Feature extraction

On the previous page, we created a dataset with two groups of animals, each group with three individuals (trajectories). We then created a DataFrame of observations, which we used to create an annotated dataset. Let’s recap and display the observations in a table.

display(Table(dataset.observations))

The dataset consists of groups and can be iterated over. Similarly, groups consist of dyads (note the target parameter when creating groups/datasets) and can also be iterated over.
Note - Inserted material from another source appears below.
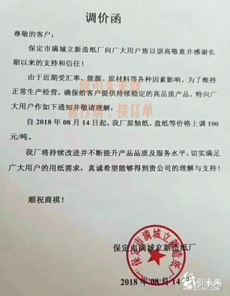 保定市嘉禾紙業:由于近期原材料價格上調,自2018年8月15日起,我公司原軸發貨價格在原有價格基礎上每噸上調100元。

Each of these objects is a SampleableMixin that provides methods for feature extraction, compatible with our feature extraction workflow.

for group_id, group in dataset:
    for dyad_id, dyad in group:
        print(f"Group {group_id}, Dyad {dyad_id} with {len(dyad)} samples")
Group a, Dyad ('a_1', 'a_2') with 196 samples
Group a, Dyad ('a_1', 'a_3') with 196 samples
Group a, Dyad ('a_2', 'a_1') with 196 samples
Group a, Dyad ('a_2', 'a_3') with 199 samples
Group a, Dyad ('a_3', 'a_1') with 196 samples
Group a, Dyad ('a_3', 'a_2') with 199 samples
Group b, Dyad ('b_1', 'b_2') with 199 samples
Group b, Dyad ('b_1', 'b_3') with 196 samples
Group b, Dyad ('b_2', 'b_1') with 199 samples
Group b, Dyad ('b_2', 'b_3') with 196 samples
Group b, Dyad ('b_3', 'b_1') with 196 samples
Group b, Dyad ('b_3', 'b_2') with 196 samples

Manual feature calculation

Each timestamp that both animals are present is considered a sample. For each sample, we can extract features such as keypoint_distances(), posture_angles(), or speed(). We can do this manually by using the feature functions defined in the features module:

Hint

All feature functions return a ndarray containing the computed features. The shape depends on the number of postural elements and whether the feature should be computed element_wise with regard to these elements. All feature functions have an additional flat parameter, if specified, the features will be returned as a ndarray with shape (n_samples, n_features).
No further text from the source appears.